Here's what that looks like:


----------



## Harold (Dec 23, 2003)

breaks911 said:


> You can choose as many tiles at 24K as your phone has storage to hold. And choose from multiple basemap sources.


And that's the crux of the matter. My point being that at the detailed local level, you're not going to be able to fit regional areas onto your phone. It's just too much space.

It's why Garmin has the limits it does on the amount of raster maps you can load. They're WAY more resource-intensive than vector maps.


----------



## the_law_man01 (Oct 13, 2015)

I had MTBproject but I'm gonna have to be the one to put most of our trails in, apparently. It only brought up maybe 5 (would have to verify, just an estimation) trails in the state. I'm fine with this though. Gives me an excuse to go ride more trails. You know, a for the greater good type of undertaking.

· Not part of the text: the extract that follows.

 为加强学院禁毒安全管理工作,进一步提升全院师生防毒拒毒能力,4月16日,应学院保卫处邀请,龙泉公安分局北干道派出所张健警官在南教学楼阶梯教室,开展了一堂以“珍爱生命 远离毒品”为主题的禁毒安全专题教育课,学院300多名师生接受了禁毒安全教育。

On Gaia GPS, can I select (via a drag box) a certain area within which I know I'll be riding and then have it track me so I can save trails in that area?


----------



## breaks911 (Aug 16, 2005)

Yes you sure can. You can save the maps to your phone and it will save the routes you ride to gpx format.


----------



## Harold (Dec 23, 2003)

the_law_man01 said:


> I had MTBproject but I'm gonna have to be the one to put most of our trails in, apparently. It only brought up maybe 5 (would have to verify, just an estimation) trails in the state. I'm fine with this though. Gives me an excuse to go ride more trails. You know, a for the greater good type of undertaking.
> 
> On Gaia GPS, can I select (via a drag box) a certain area within which I know I'll be riding and then have it track me so I can save trails in that area?


Content submission is uneven around the country for that app. It's an option, though.

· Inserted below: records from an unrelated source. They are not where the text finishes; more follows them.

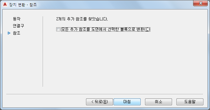 현재 도면이나 참조된 도면(외부 참조) 중 하나에서 블록이나 부품을 선택할 수 있습니다.
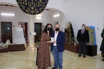 La hermana mayor del Prendimiento y el consiliario con representantes cofrades capitalinos.
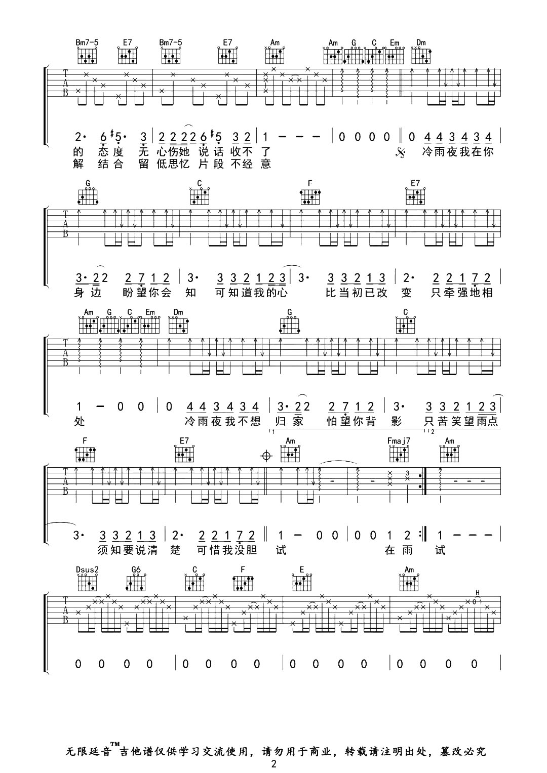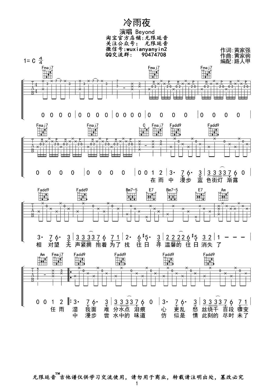 本文题目 冷雨夜吉他谱 Beyond(C调) 吉他图片谱2张 ,本文网址

And despite my criticisms of GaiaGPS, it's probably going to be the best one for showing basemaps. I'm just making it clear that downloading detailed maps at a regional level might be asking a bit much. The example above doesn't even show a whole county, for example. On MTBProject, I have about half a dozen whole states loaded on my phone. FWIW, I have the whole US loaded into my Garmin with trails for most of those states.


----------



## breaks911 (Aug 16, 2005)

Unfortunately they are no perfect solutions out there I've seen. It all ends up being a mashup of different tools that best fit the individual's requirements.


----------



## the_law_man01 (Oct 13, 2015)

Nice. A Garmin is a goal for the future. Just trying to make due for now.

I have about 22GB available on my phone SD card so I should be able to download a few maps of areas I'll ride which don't have cell coverage.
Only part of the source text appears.